Studio album by Chuck Mosley
- Released: August 11, 2009
- Length: 40:05
- Label: Reversed Image Unlimited

Chuck Mosley chronology
|  | Will Rap Over Hard Rock For Food (2009) | Demos for Sale (2016) |

= Will Rap Over Hard Rock for Food =

Will Rap Over Hard Rock For Food is the debut solo album by Chuck Mosley, released on August 11, 2009. Produced over several years, the album features guest appearances by members of Korn and Faith No More, alongside a backing band dubbed the Vanduls Ugenst Allliderasy. Will Rap Over Hard Rock for Food was released to mixed reviews from critics.

==Production==
Will Rap Over Hard Rock for Food is the début solo album by Chuck Mosley, formerly of the band Faith No More. Mosley collaborated with several artists on the album, including former bandmate Roddy Bottum, Korn frontman Jonathan Davis and Rob Zombie guitarist John 5. Mosley met Davis while Korn were touring as part of the Ozzfest lineup, and shared what he had completed of the album at that point with him. Mosley's backing band for the album were dubbed the Vanduls Ugenst Allliderasy (VUA), and comprised members of other groups, including Cobra Verde guitarist Tim Parnin, and "a guy named Eric" from Pro-Pain.
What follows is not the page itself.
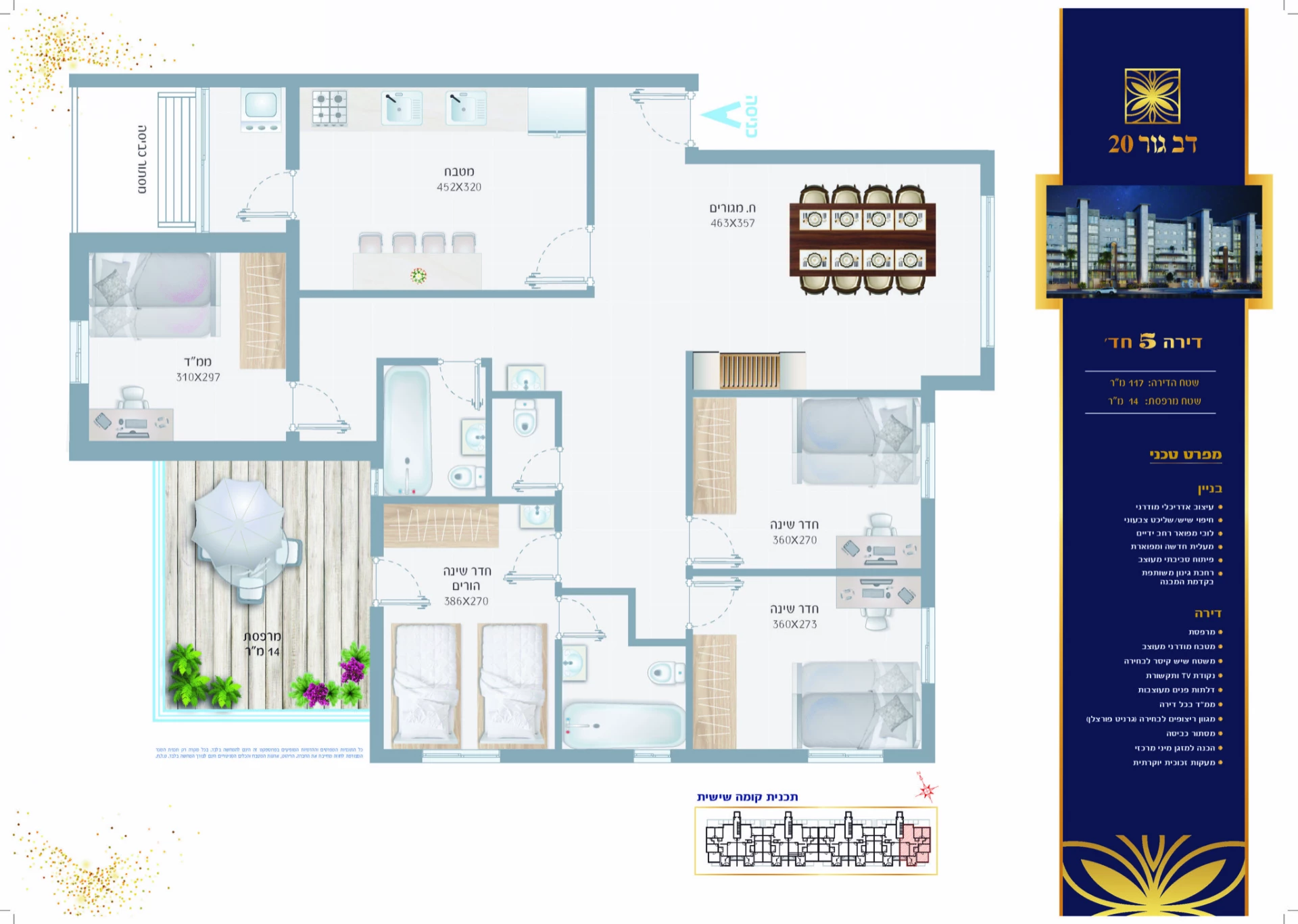 ברוכים הבאים לדירת 4 חדרים המהממת שלנו! בגודל של 117 מ"ר ומרפסת שמש פורחת בגודל של 14 מ"ר, זו דירה שלא תרצו לפספס. מטבח מודרני ומעוצב יתן לכם את התחושה שאתם במסעדה מפוארת, והמשטח המרשים עשוי שיש קיסר לבחירתכם. הדלתות הפנימיות מעוצבות והמגוון הרחב של ריצופים שלנו יתאים לכל טעם. יש גם מרפסת שירות והכנה למזגן מיני מרכזי כדי להבטיח לכם נוחות בכל עונה. המעקות היוקרתיות והלובי המפואר רחב הידיים יוסיפו לתחושת היוקרה והנוחות שלכם בדירה. אל תחמיצו את ההזדמנות הזו להתחיל את החיים החדשים שלכם בדירה מהממת הזו!

The album focuses on a mix of rap and rock music, a style which Mosley has been considered to have made popular with the release of Faith No More's We Care a Lot; a reworked version of that album's title track is featured on Will Rap Over Hard Rock for Food. The song "Sophie", a ballad, is named for Mosley's youngest daughter. Mosley began working on the album in 1997, but experienced delays due to ill health and ongoing issues with substance abuse.

== Track listing ==

| No. | Title | Length |
|---|---|---|
| 1. | "Intro" | 0:41 |
| 2. | "The Enabler" (featuring Jonathan Davis and John 5) | 3:05 |
| 3. | "Tractor" | 4:59 |
| 4. | "Punk Rock Movie" | 2:40 |
| 5. | "Nameless" (featuring Leah Lou) | 2:54 |
| 6. | "Pile Driver" (written by Chuck Mosley and Senon Williams) | 4:23 |
| 7. | "Come Around" | 5:53 |
| 8. | "King Arthur's Cousin Ted" | 0:53 |
| 9. | "Sophie" | 3:50 |
| 10. | "We Care a Lot" (featuring Roddy Bottum, written by Bottum, Mosley, Mike Bordin, Billy Gould, and Jim Martin) | 4:21 |
| 11. | "Bob Forest" | 6:32 |
| Total length: |  | 40:05 |

==Personnel==
- Chuck Mosley: vocals, guitars
- Michael Siefert: guitars, bass, programming, keyboards, drums
- Tim Parnin: guitars
- Billy Sullivan: guitars
- Michael Cartellone: drums

==Release and reception==

Will Rap Over Hard Rock for Food was initially available for pre-order between July 28 and August 10, 2009; pre-order copies were signed by Mosley and included a bonus postcard. The album was later released on August 11, 2009, on the Reversed Image Unlimited record label.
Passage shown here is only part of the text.